7. The method for preparing a dPCR chip according to claim 6, characterized in that, The process of dissolving the exposed particles in the cured base adhesive to form pores includes: The exposed portion of the hollow sphere in the cured base adhesive is dissolved to form the pores; or, The hollow spheres in the cured base adhesive are completely dissolved to form the pores.
8. The method for preparing a dPCR chip according to claim 4, characterized in that, The particles are solid spheres; The process of dissolving the exposed particles in the cured base adhesive to form pores includes: The solid spheres in the cured base adhesive are completely dissolved to form the pores.
9. The method for preparing a dPCR chip according to claim 4, characterized in that, Before curing the base adhesive, the process further includes: The base adhesive laid on one side of the substrate is subjected to thickness homogenization treatment so that the thickness of the base adhesive falls within a set size range, wherein the set size range is the sum of the outer diameter of the particles and the thickness homogenization process error.
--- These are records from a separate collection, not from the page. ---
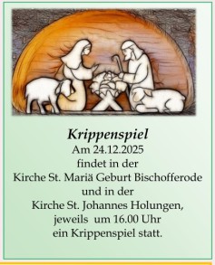 am 24.12.2025 jeweils 16 Uhr in Bischofferode und Holungen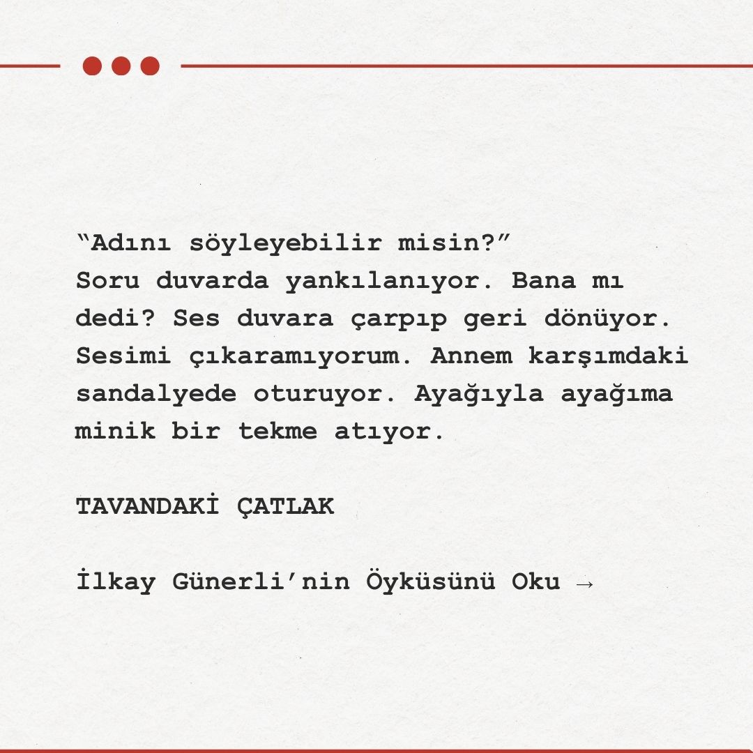 “Birazdan uyuyacaksın.” Birazdan uyuyacağım. Rüya mı her şey? Doktor da geliyor eldiven takmış. Tavana bakıyorum. Küçük bir çatlağa gözüm takılıyor.
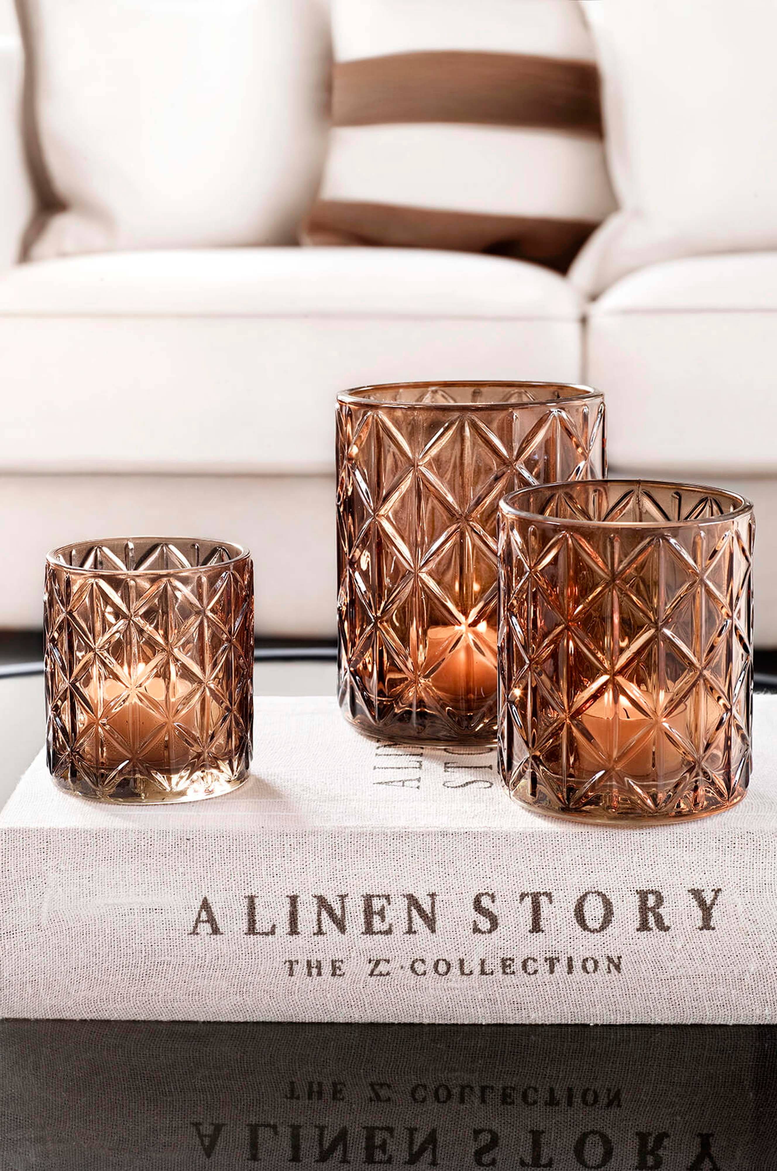 Kynttilälyhdyt optista lasia, joka antaa hohtavan tunnelmallisen valon. K 8/10/12,5 cm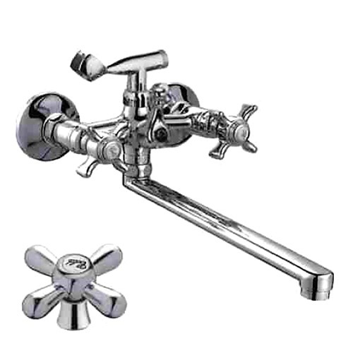 Смеситель для ванны имеет два рычага чтобы регулировать напор воды. Аэратор в приборе позволяет обеспечить равномерную подачу воды , а также ее смягчение. Модель обладает поворотным изливом. Прибор оснащен качественной керамической кран-буксой. У подобных приборов переключение подачи воды на излив или душевой шланг совершается при помощи поворота специального рычага, который вынесен на переднюю панель прибора. Установка прибора осуществляется на два отверстия,В комплект: инструкция по установке, гарантийный талон, душевая лейка , держатель лейки , комплект эксцентриков , комплект отражателей.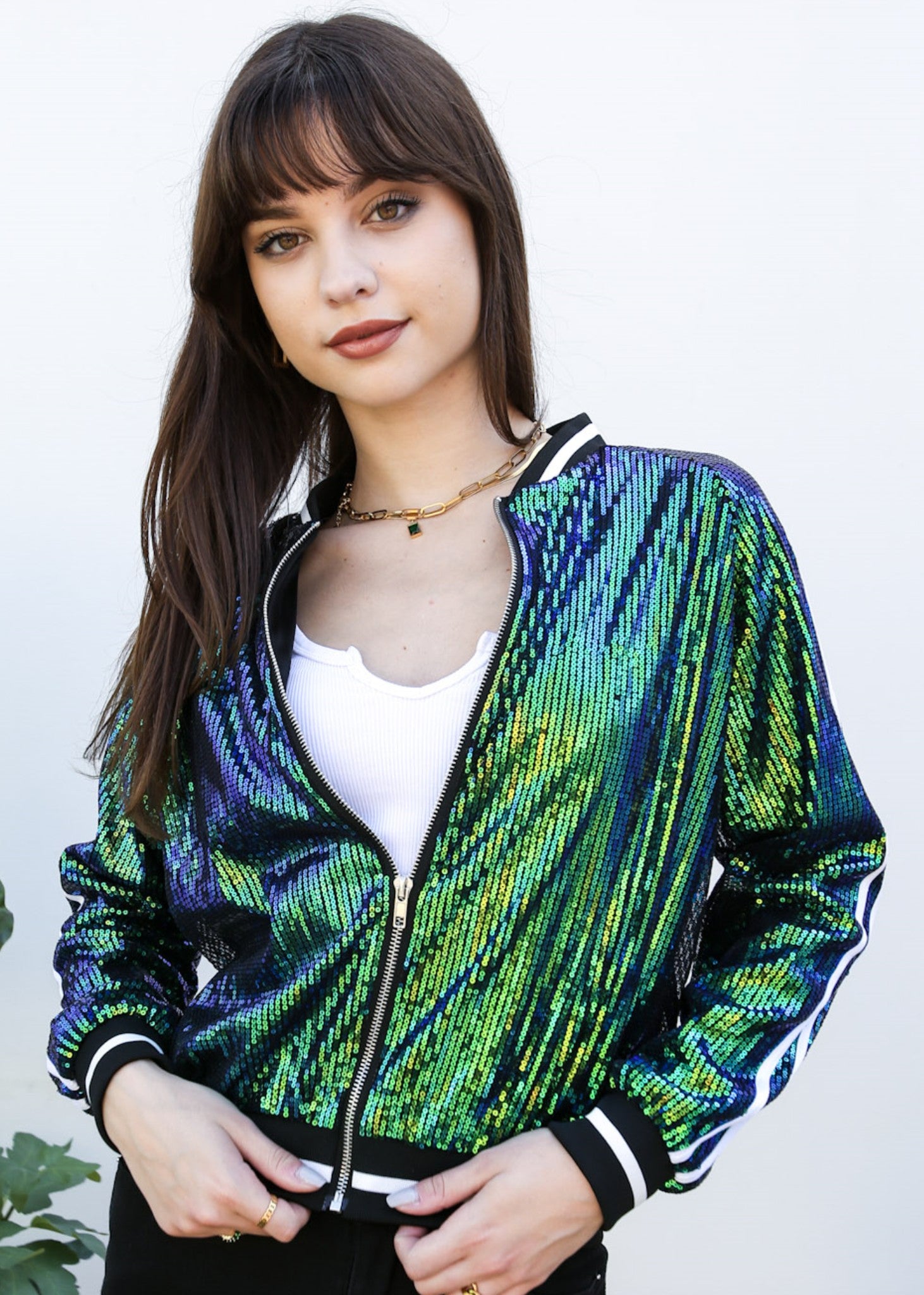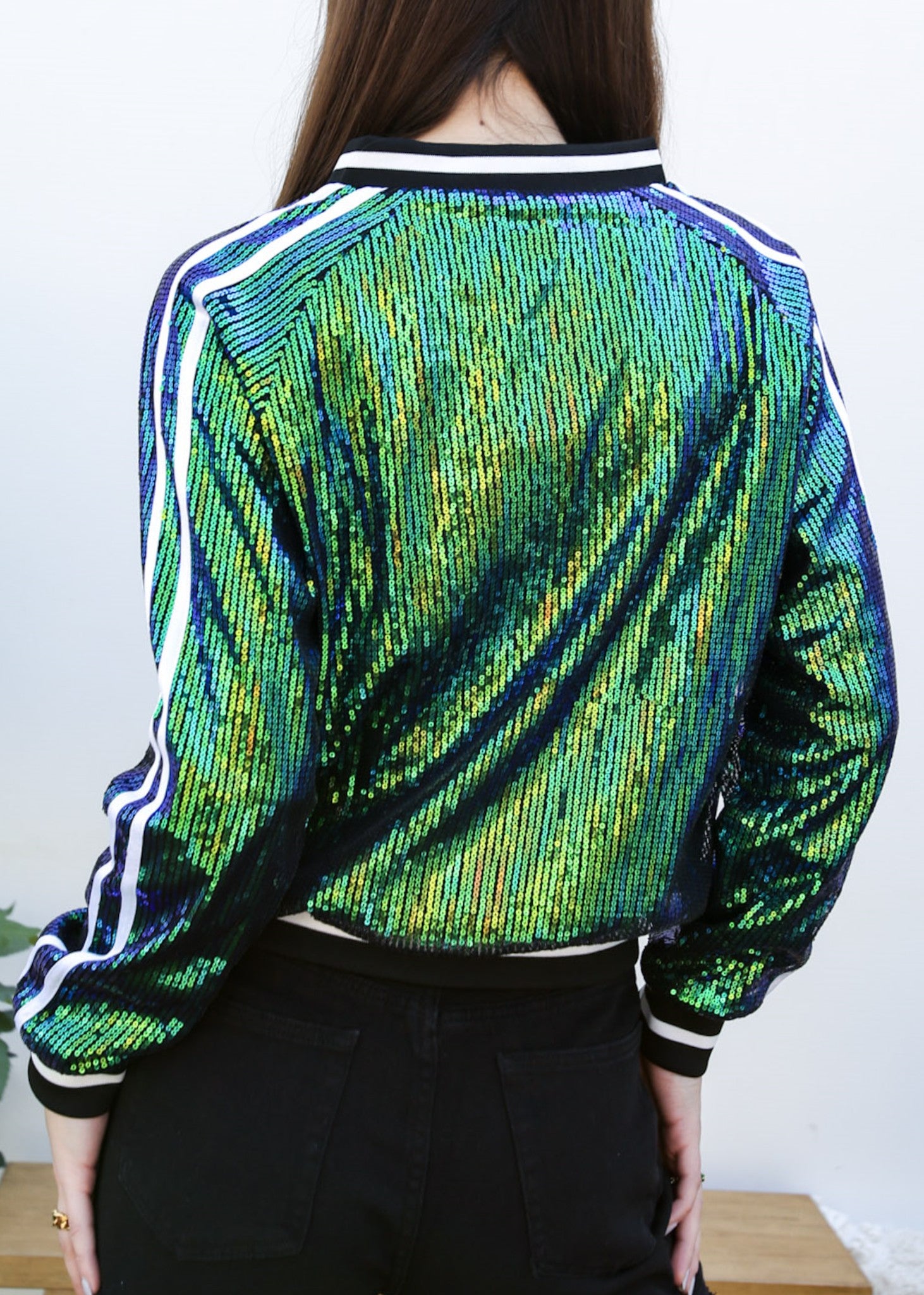 - DAZZLE THE CROWD - Be a total show stopper and standout with this gorgeous sequin varsity jacket. All eyes will be on you when you step outside. Be prepared to receive tons of compliments about your lush and shimmering jacket!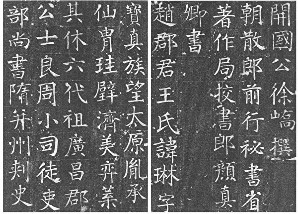 颜真卿楷书的顶峰之作《颜勤礼碑》局部拓片。(公有领域)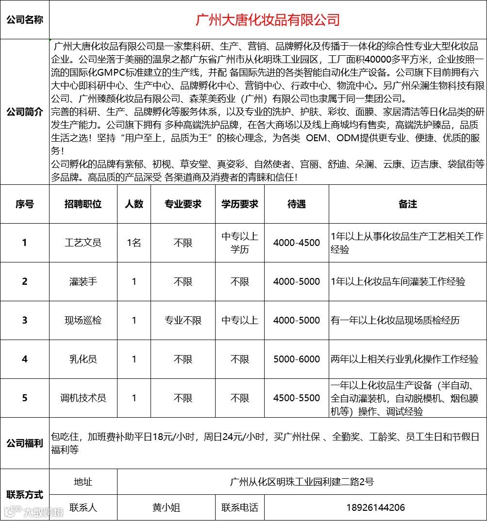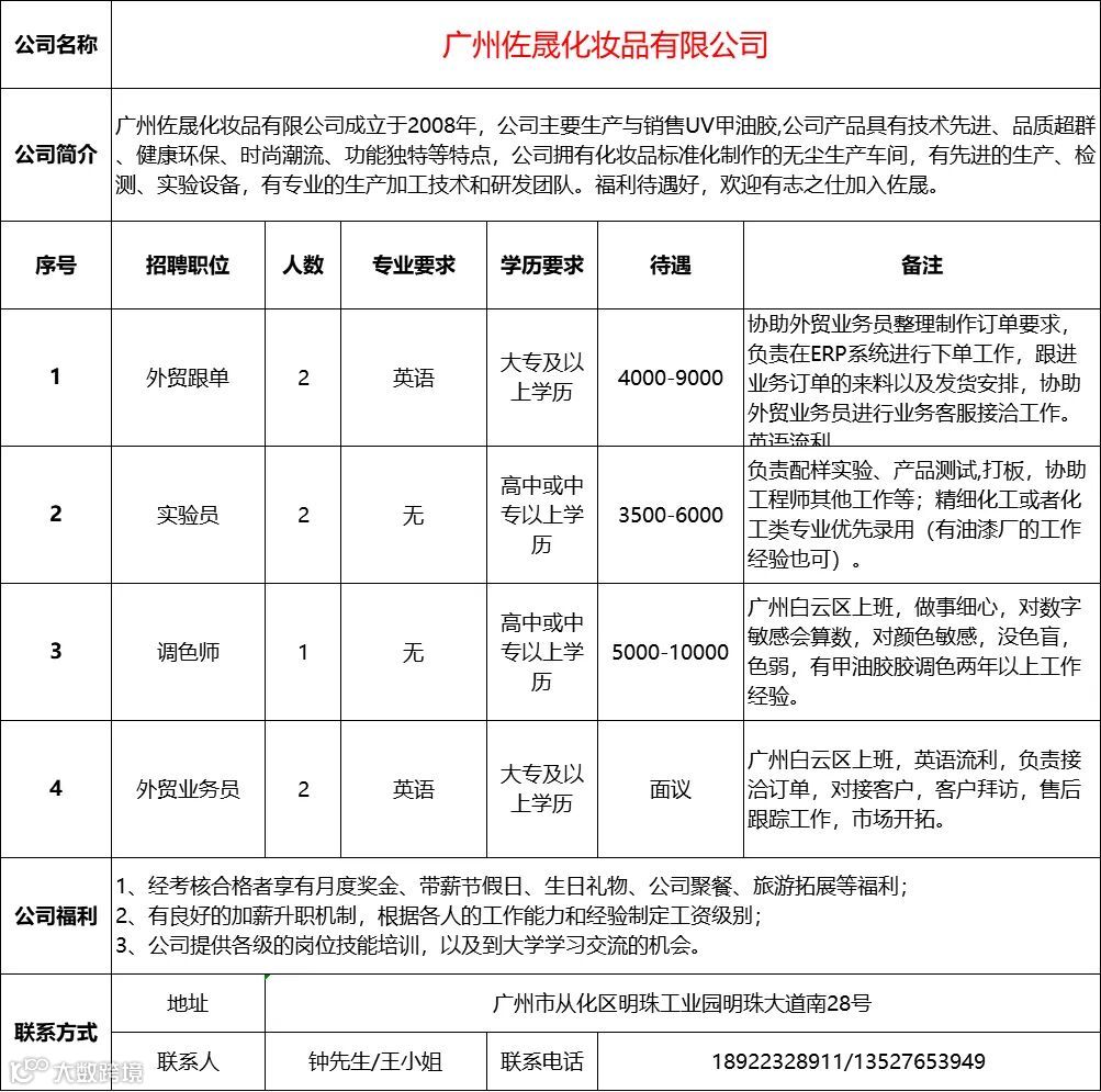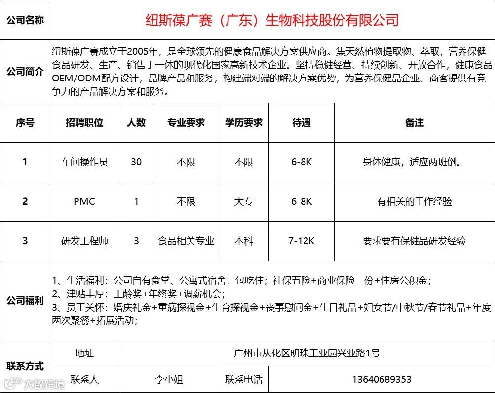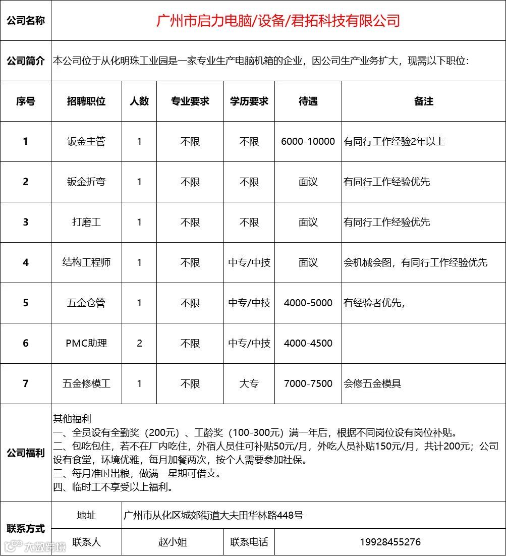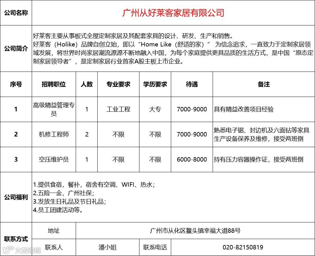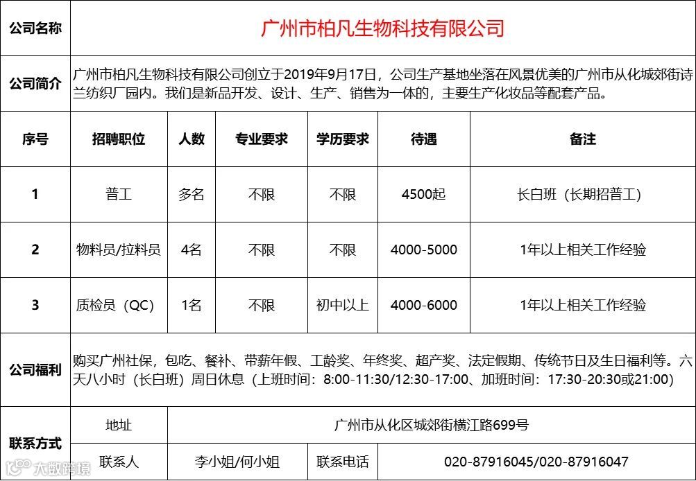 查看更多从化区招聘信息请点击下方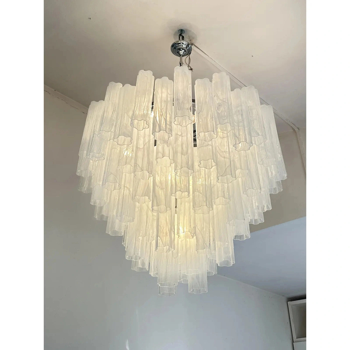 This round chandelier showcases a striking design inspired by the Venini style. The traditional mold of “tronchi” Murano glass is made with a new texture in venied-white that seems “alabastro”. Exclusive design By Simoeng.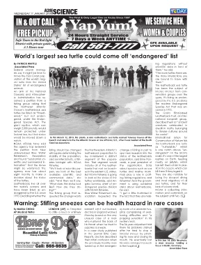 of the turtles. said. “And then we’ll say, turtles worldwide, said An- fishermen fear the govern- and most migratory of all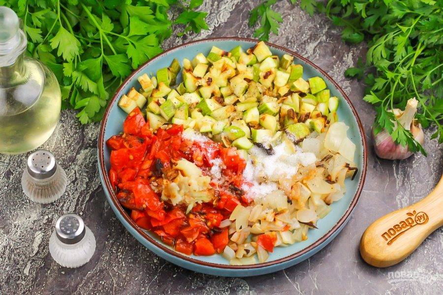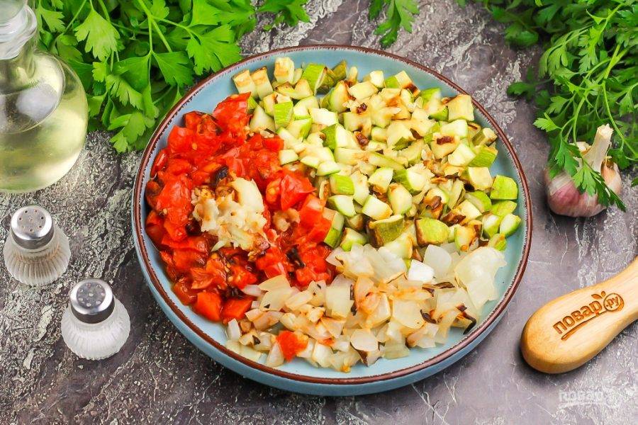 Нарежьте все запеченные овощи мелким кубиком, очистив лук и чеснок от шелухи.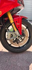 Vendo, causa inutilizzo, Ducati Supersport S 2017 con sospensioni Öhlins, tre mappe motore (sport, touring e urban) e cambio quickshift up/down. Secondo proprietario, acquistata da concessionaria multimarca ad Agosto 2021 a 28mila km. A 30mila km effettuato il previsto tagliando Desmo, con sostituzione di cinghie distribuzione, tenditori e cuscinetti; moto sempre tenuta in garage su cavalletto monobraccio posteriore, mai in pista, pneumatici Pirelli Diablo Supercorsa in ottimo stato. La moto ha portatarga ridotto, codino monoposto Ducati rimovibile, cupolino Touring, luci Led bianche per anabbaglianti/abbaglianti e pedaline passeggero. Cedo con la moto: Cavalletto monobraccio posteriore; Portatarga originale; Mantenitore di carica per la batteria; Kit pulizia e ingrassaggio catena; Adesivi per i cerchi. Vendo a 7.200 euro trattabili, astenersi affaristi e/o perditempo. No permute e/o scambi. Questa versione S monta sospensioni Öhlins completamente regolabili (la forcella è a steli rovesciati da 48 mm, il mono ha il serbatoio integrato), mentre l’impianto frenante è tutto Brembo. La ricca dotazione elettronica comprende l’ABS (regolabile o disinseribile), tre riding mode e il controllo di trazione DTC selezionabile su otto diversi livelli di intervento.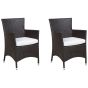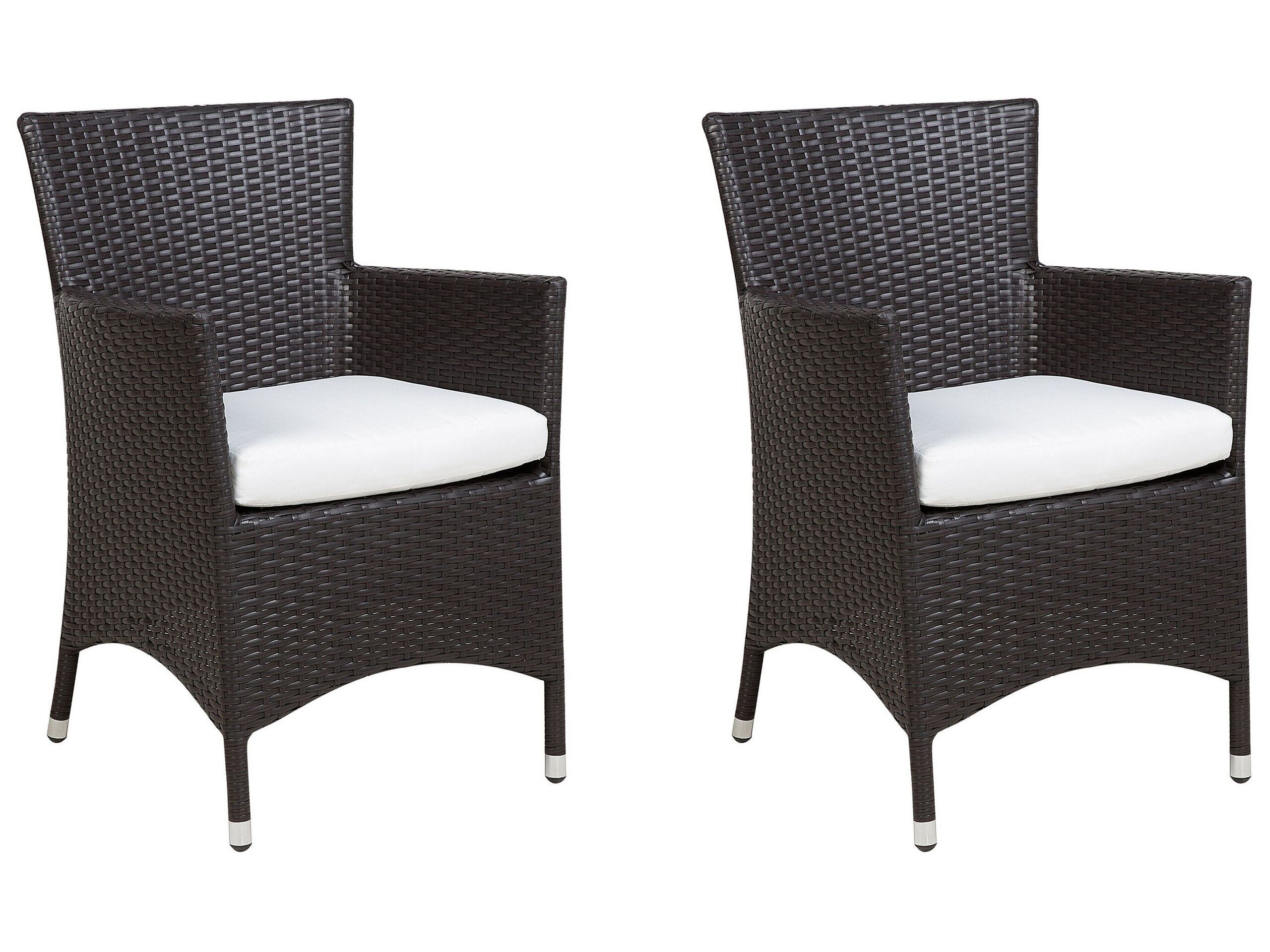A set of two stylish garden armchairs with ergonomic armrests and nicely shaped, high backrest. Made of brown durable synthetic rattan for long-term use, the set comes with thick cushions equipped with a removable cover for easy cleaning. The powder-coated aluminium frame guarantees maximum stability. Separately or together with a matching table, it will serve as an excellent place to enjoy the outdoors. Details: Color: Brown, White. Main material: PE Rattan. Additional material: Polyester, Aluminium. Material Composition: 100% Polyester Weight: 7 Assembly: Does Not Require Assembly Weight Capacity: 140 Cushions Dimensions: 45x40 Padding Thickness: 11 Seat Height: 41

10. The method for preparing a dPCR chip according to claim 9, characterized in that, The curing process of the base adhesive includes: The base adhesive is cured so that the end of the particle away from the substrate extends beyond the interface of the cured base adhesive.
11. The method for preparing a dPCR chip according to claim 10, characterized in that, The volume shrinkage rate of the base adhesive ranges from 3% to 20%.
12. The method for preparing a dPCR chip according to claim 10, characterized in that, The step of uniformizing the thickness of the base adhesive laid on one side of the substrate to ensure that the thickness of the base adhesive falls within a predetermined thickness range includes: Press the cover plate against the side of the base adhesive away from the substrate, so that the distance between the cover plate and the substrate falls within the set size range; After the base adhesive has been cured, the cover plate is removed.
13. The method for preparing a dPCR chip according to claim 12, characterized in that, The step of pressing the cover plate onto the side of the base adhesive away from the substrate includes: Press the side of the cover plate with the release agent onto the side of the base adhesive away from the substrate.